UK real estate has long been a ‘safe haven’ for international investors, with the market’s strong performance throughout the pandemic highlighting its resilience as an investment asset.
Driven by the stamp duty holiday, this generous discount not only benefited UK buyers, but also served as an added incentive for foreign investors.
With that in mind, it’s no surprise that the number of overseas homeowners is reaching a five-year high, now surpassing 184,000. This growing amount of investment is a major driver of property prices in the UK. Uni, which topped £ 300,000 for the first time in history.
However, all good things must come to an end, and with the stamp duty holiday ending in September, will the recent surtax change the outlook for foreign investors?
What is the supplement?
As of April 2016, in addition to the Standard Stamp Duty Property Tax (SDLT), investors are required to pay an additional 3% fixed stamp duty on the total value of all additional properties valued above 40,000 £.
However, the UK government has also implemented a 2% surcharge for foreign investors. This surcharge will be in addition to current stamp duty rates and will apply to the majority of international buyers, including foreign investors and international businesses. The government has made it clear who will be exempt from the surtax, primarily those involved in real estate investment trusts and other collective investment vehicles.
The surcharge is largely introduced in response to the upward trajectory of UK real estate over the past 20 years, the majority of which has been supported by international investment.
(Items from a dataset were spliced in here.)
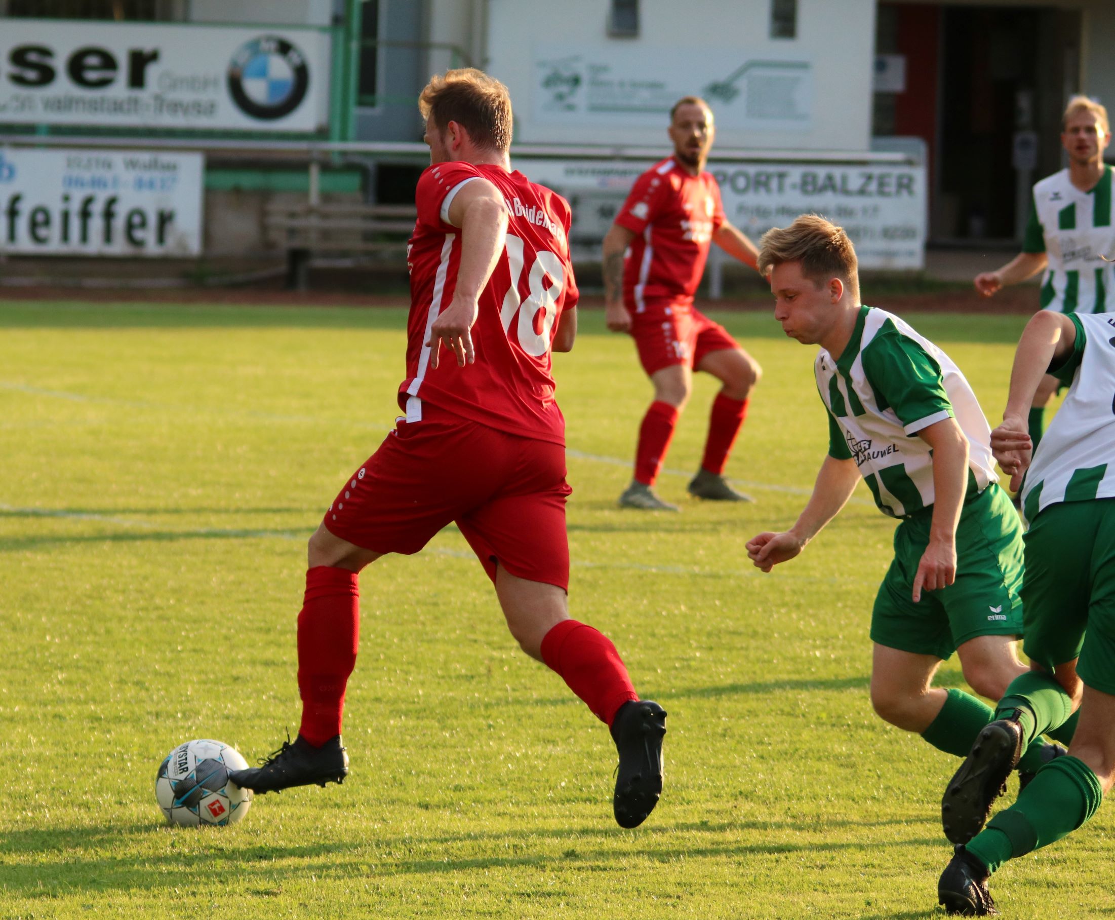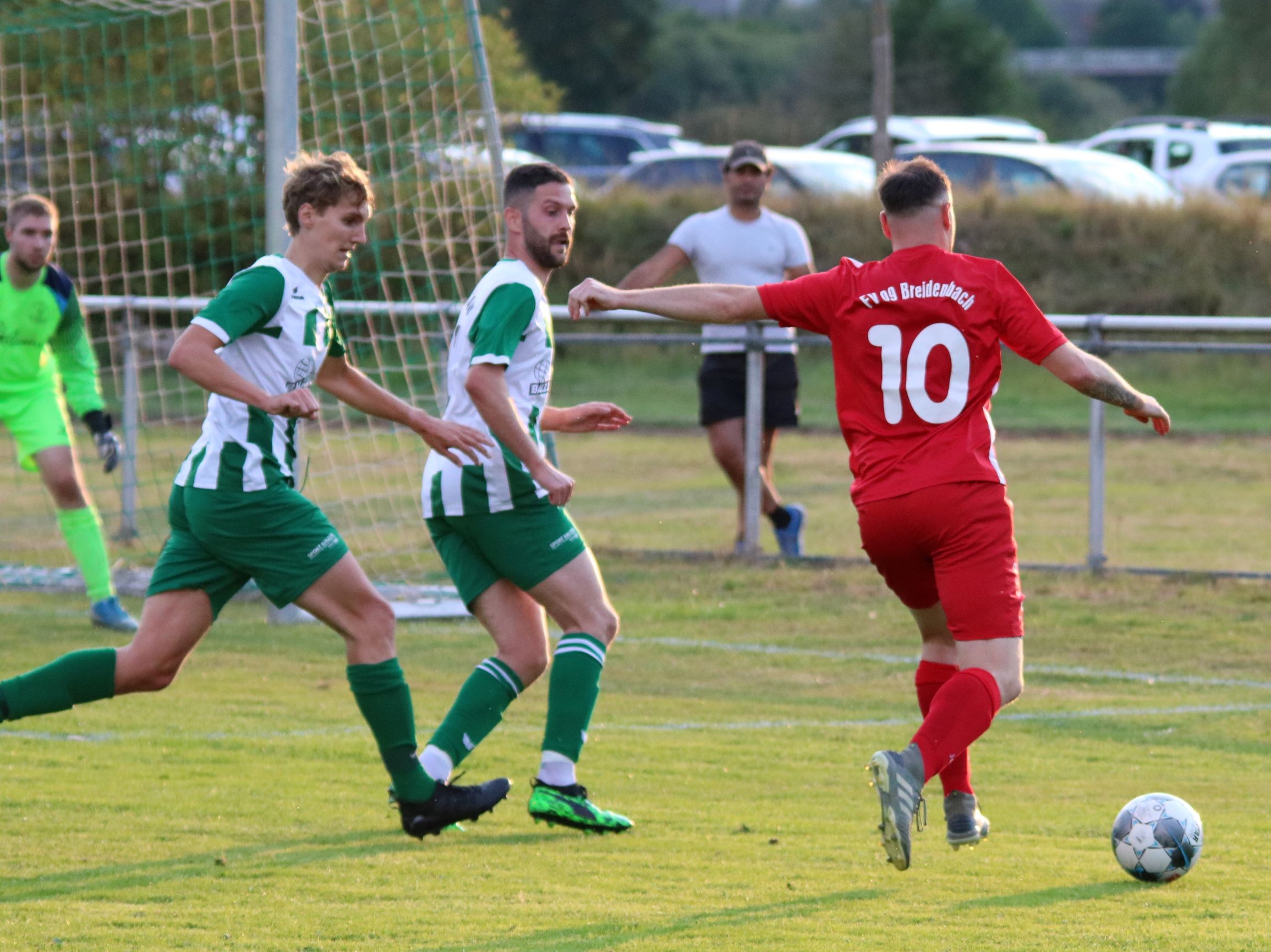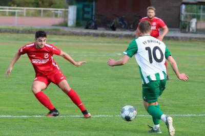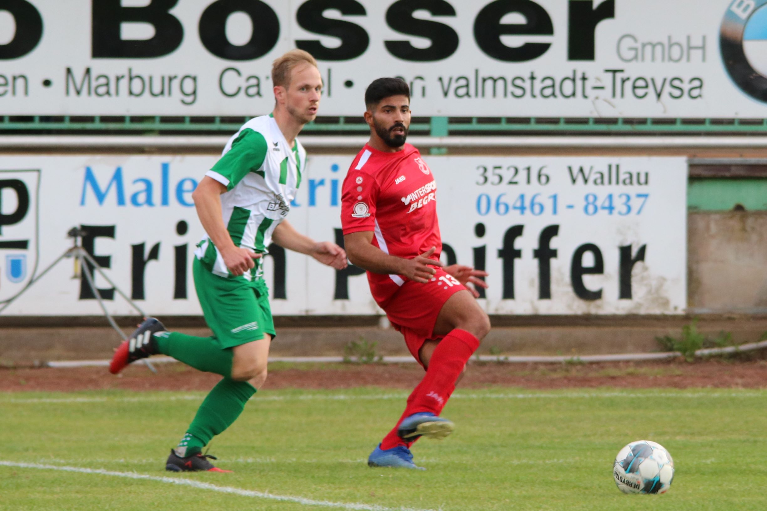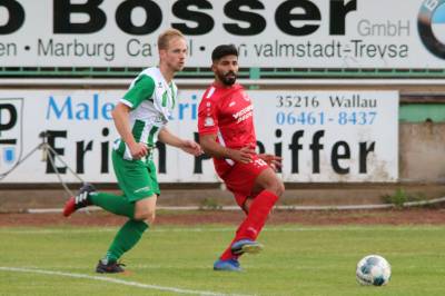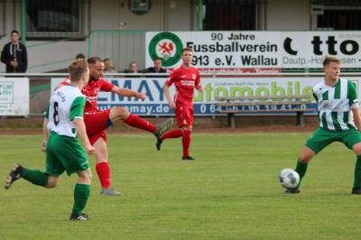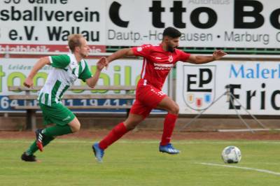 Der gastgebende A-Ligist FV Wallau konnte in Runde 2 des diesjährigen Licher Kreispokalwettbewerbs nur 45 Minuten sein Tor einigermaßen sauber halten. Mit 0:2 sah es zunächst noch ganz passabel aus, jedoch sollte sich die große Laufarbeit der Gastgeber dann am Ende doch noch merklich niederschlagen und die Kräfte mit zunehmender Spielzeit nachlassen. Begonnen hatte der FV 09 in Minute 1 mit dem ersten Angriff über die rechte Angriffsseite. Nils Cakar starte mit seinem Sololauf durch 4 Wallauer hindurch und bediente seinen Spielertrainer Felix Baum im Straufraumzentrum. Dieser tanzte seinen zu zögerlich angreifenden Gegenspieler aus und markierte per Linksschuß das 0:1. Da waren gerade mal 60 Sekunden gespielt und ein Teil der Zuschauer hatte seine Plätze im weiten Rund des Wallauer Sportplatzes noch gar nicht eingenommen. In Minute 10 setzte der FV 09 dann den nächsten Ausrufepunkt, als Sebastian Wanke nach Vorarbeit von Felix Baum zur Stelle war und das Leder im Wallauer Netz versenkte. Damit war die Luft für Wallau schon aus dem Spiel genommen und Breidenbach ließ in der Folgezeit Ball und Gegner laufen. Wallau konnte offensiv so gut wie keine Akzente setzen und hatte alle Hände voll zu tun, um in der Defensive die Löcher zu schließen. Das gelang mit einer guten Laufleistung in Halbzeit 1 recht gut und so rettete sich Wallau mit einem passablen 0:2 in die Pause.
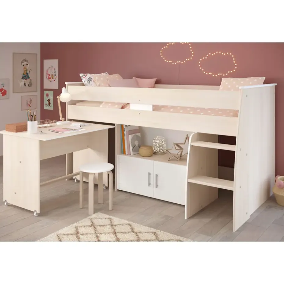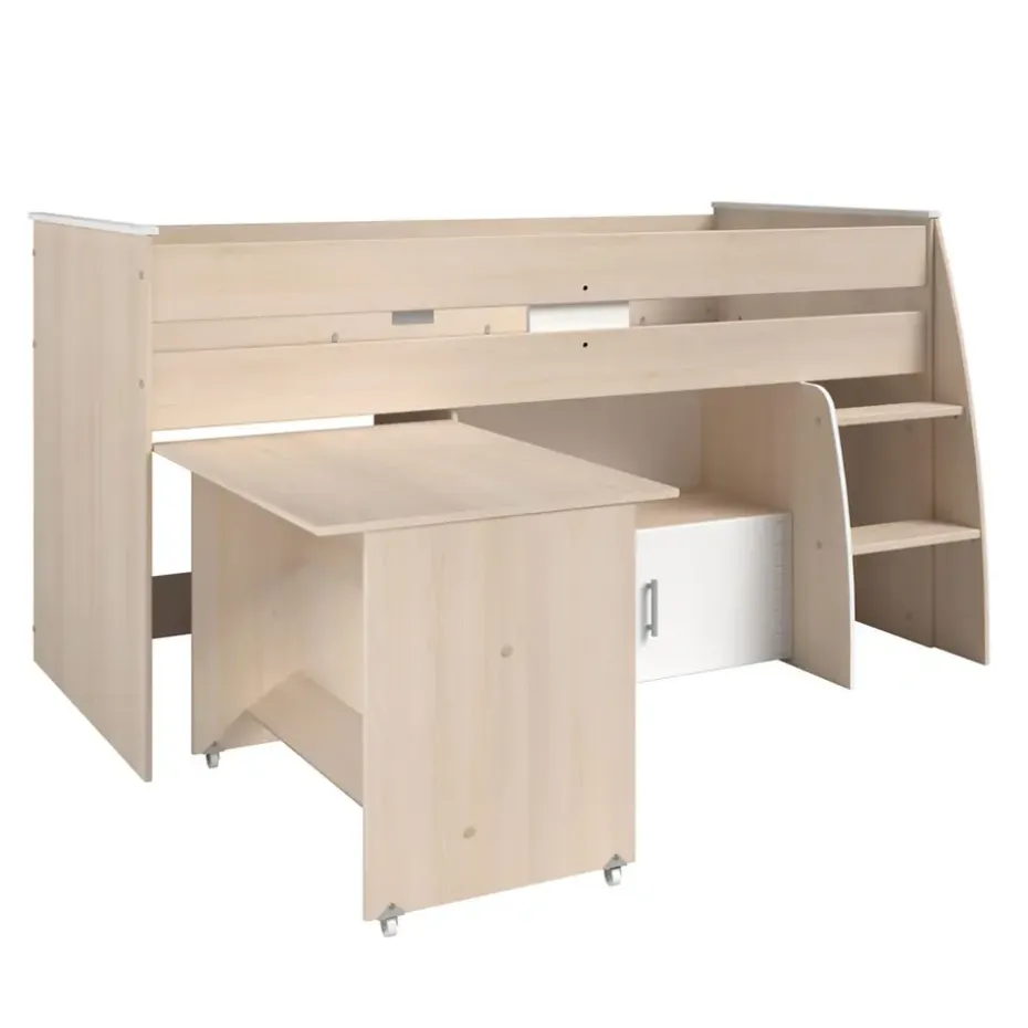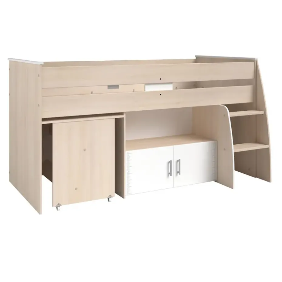 Halfhoogslaper Charly is zeer geschikt voor een opgroeiend kind. Het staat niet alleen leuk en gezellig, je bespaart ook nog eens ruimte. Halfhoogslaper Charly is een bed in acaciakleur met een totale afmeting van 110×113,8×206,3 cm. Het bed is geschikt voor een matras van 90×200 cm. Halfhoogslaper Charly heeft een moderne uitstraling, maar het past in vrijwel ieder interieur. Omdat het bed diverse opbergmogelijkheden biedt, zoals kastjes, heb je genoeg ruimte om diverse spulletjes op te bergen.
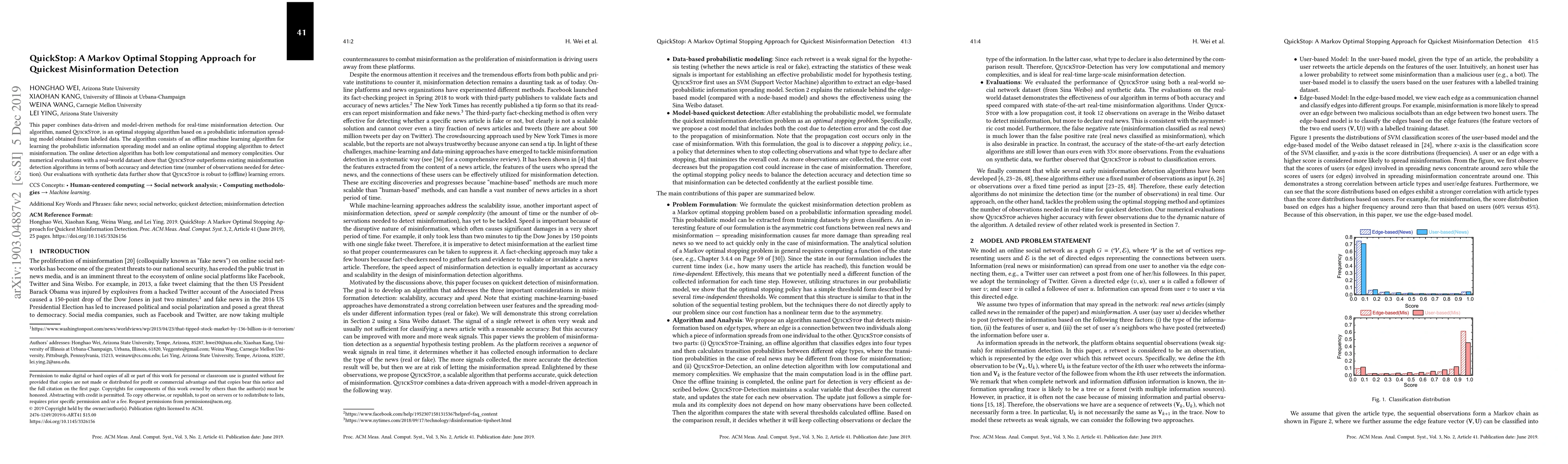 This paper combines data-driven and model-driven methods for real-time misinformation detection. Our algorithm, named QuickStop, is an optimal stopping algorithm based on a probabilistic information spreading model obtained from labeled data. The algorithm consists of an offline machine learning algorithm for learning the probabilistic information spreading model and an online optimal stopping algorithm to detect misinformation. The online detection algorithm has both low computational and memory complexities. Our numerical evaluations with a real-world dataset show that QuickStop outperforms existing misinformation detection algorithms in terms of both accuracy and detection time (number of observations needed for detection). Our evaluations with synthetic data further show that QuickStop is robust to (offline) learning errors.
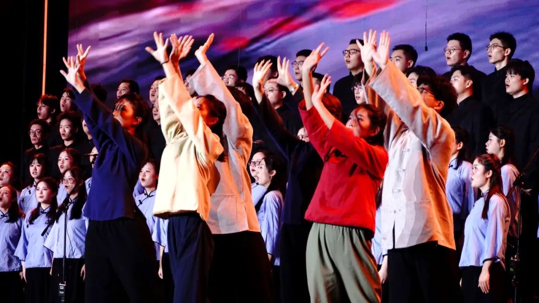 “保卫黄河、保卫华北、保卫全中国!”舞台上,我院65名师生一齐唱响《保卫黄河》,歌声雄浑激荡,为新中国走过75周年的光辉岁月而颂歌,唱出中华儿女誓死保卫祖国山河的坚定决心。
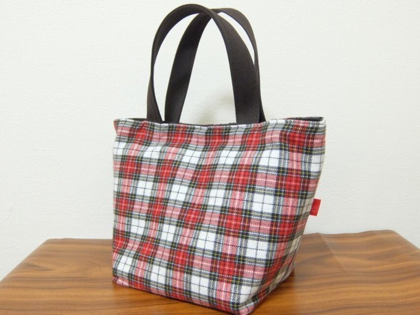色:タータンチェックのミニトート赤
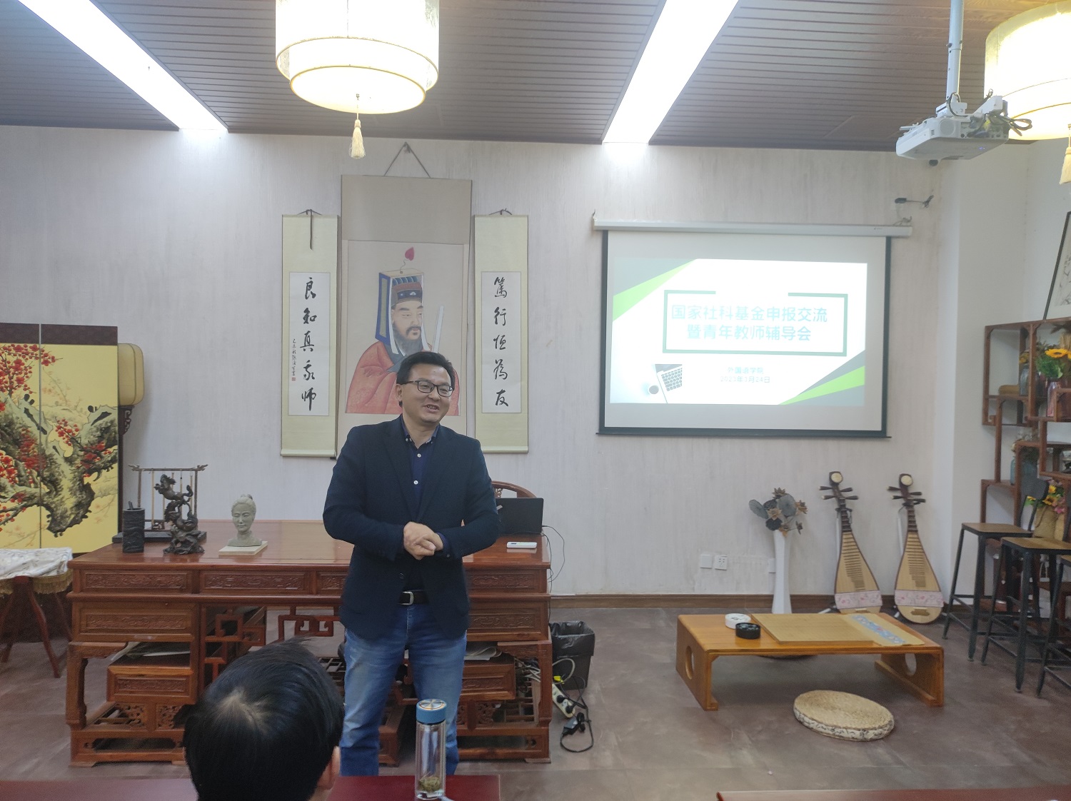 在交流会中,查德华和王欢两位老师也分享了2023年国社科申报的选题以及结合自己当前的研究方向而进行的研究工作。蔡亮、周先武从选题视角、学术梳理和内容框架等方面对他们分享内容进行了细致指导。
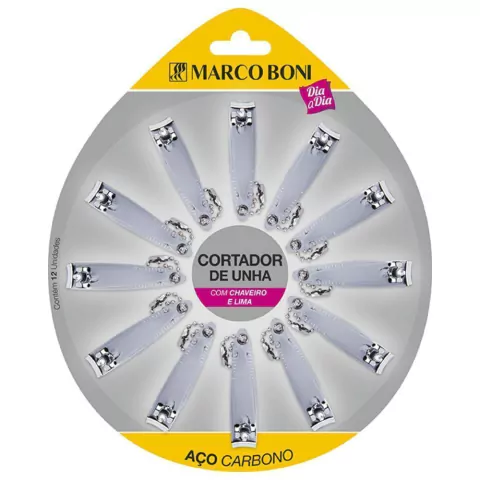Cartela com 12 Cortadores de Unha Em Aço Carbono - Marco Boni
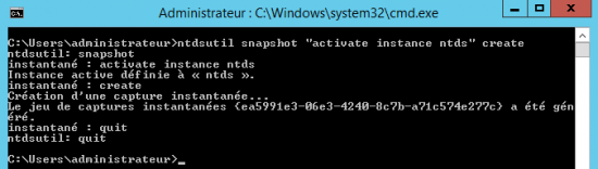 On ajoute uniquement "quit quit" à la fin pour que le programme ntdsutil soit quitté automatiquement.
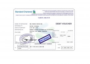 However, Attach is a copy of the Statement of Account and Debit Voucher which you are request to provide to the Bank Head office of Standard Chartered Bank of Ghana and as soon as you receive my email,kindly forward this two document to them immediately and most important,i will like to have a copy of your Identification for Reference purpose and also i will scan mine and sent to you later today.
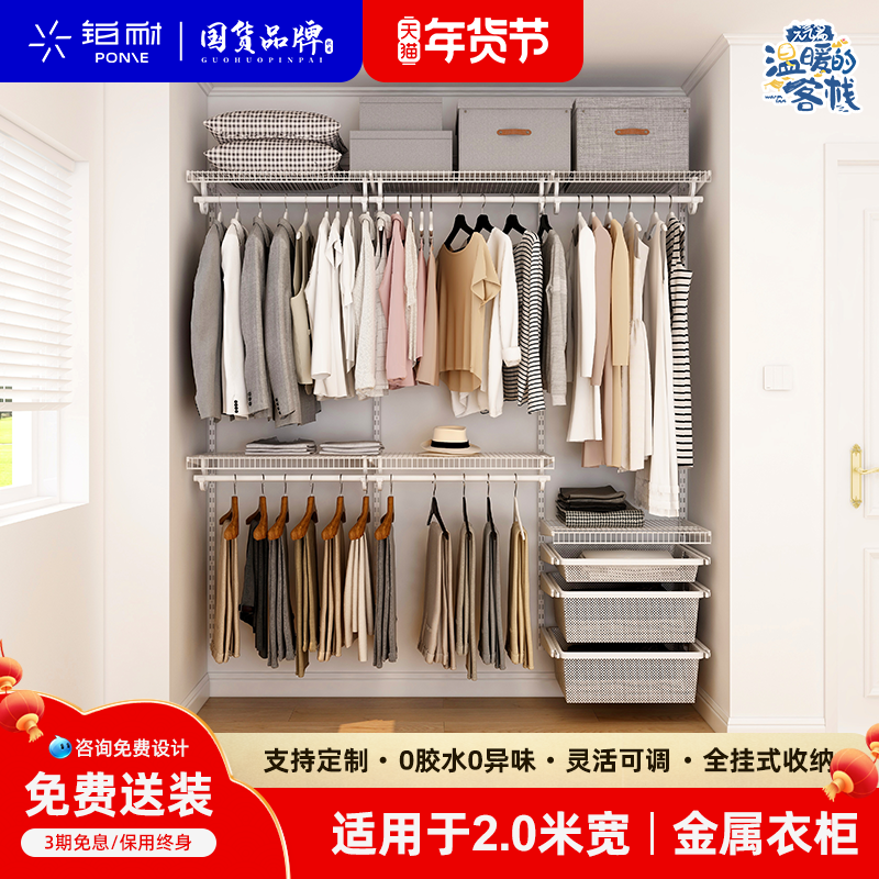 铂耐开放式衣帽间定制小户型整体金属衣柜组合置物架1.8砌墙衣橱

This level of growth – barring momentary declines – has made it increasingly difficult for first-time buyers in the UK to climb the real estate ladder, hence the surcharge.
What does this mean for foreign investors?
When this additional surcharge was announced in 2016, many experts predicted a sharp increase in overseas buyers investing in Buy-to-Let properties in the UK, followed by a sharp drop. While international investment remained strong in the years leading up to 2020, additional uncertainty surrounding Brexit and the pandemic was almost guaranteed to deter foreign investors.
However, the Stamp Duty Holiday not only propelled the UK property market, but also dissolved the majority of concerns surrounding Brexit. With the relatively positive results we are seeing across Britain after Brexit, combined with the continued growth stemming from the stamp duty vacations, the potential real estate growth in the UK could far exceed the duty surcharge. stamp abroad.
But as government incentives end and the full effects of the stamp duty surtax are felt, will UK real estate remain a long-term investment choice for foreign investors?
Andy Foote, Director of SevenCapital, comments: “While we’ve been aware of the surtax since 2016, the 2020 whirlwind overshadowed it to some extent. But now in full swing, investing in UK property will inevitably be more expensive for non-UK investors.
“Considering the standard rate, combined with the surcharge, foreign investors could face additional payments that they did not consider in their real estate investment planning.
“That said, the performance of the property market over the past year, combined with its expected growth, still positions the UK as a successful and affordable property hotspot compared to alternative countries.
“Not only has the average house price exceeded £ 300,000, rental yields are climbing across the country. While the UK average rental yield is currently 3.53%, emerging areas like Bracknell are at 4.80% for two-bed apartments.
‘Offering passive income of up to £ 1,103 per month and £ 13,236 per year, this stamp duty surcharge is unlikely to deter foreign investors, with the potential for price growth of 14.5% by 2025 offering only more incentive to invest in UK real estate. “
Between Brexit, a global pandemic and major tax changes, the UK real estate industry has seen it all. Market resilience alone provides investors with the assurance that property is a solid investment, and with this growth set to continue, the stamp duty surcharge is apparently a small price to pay for a potentially lucrative asset.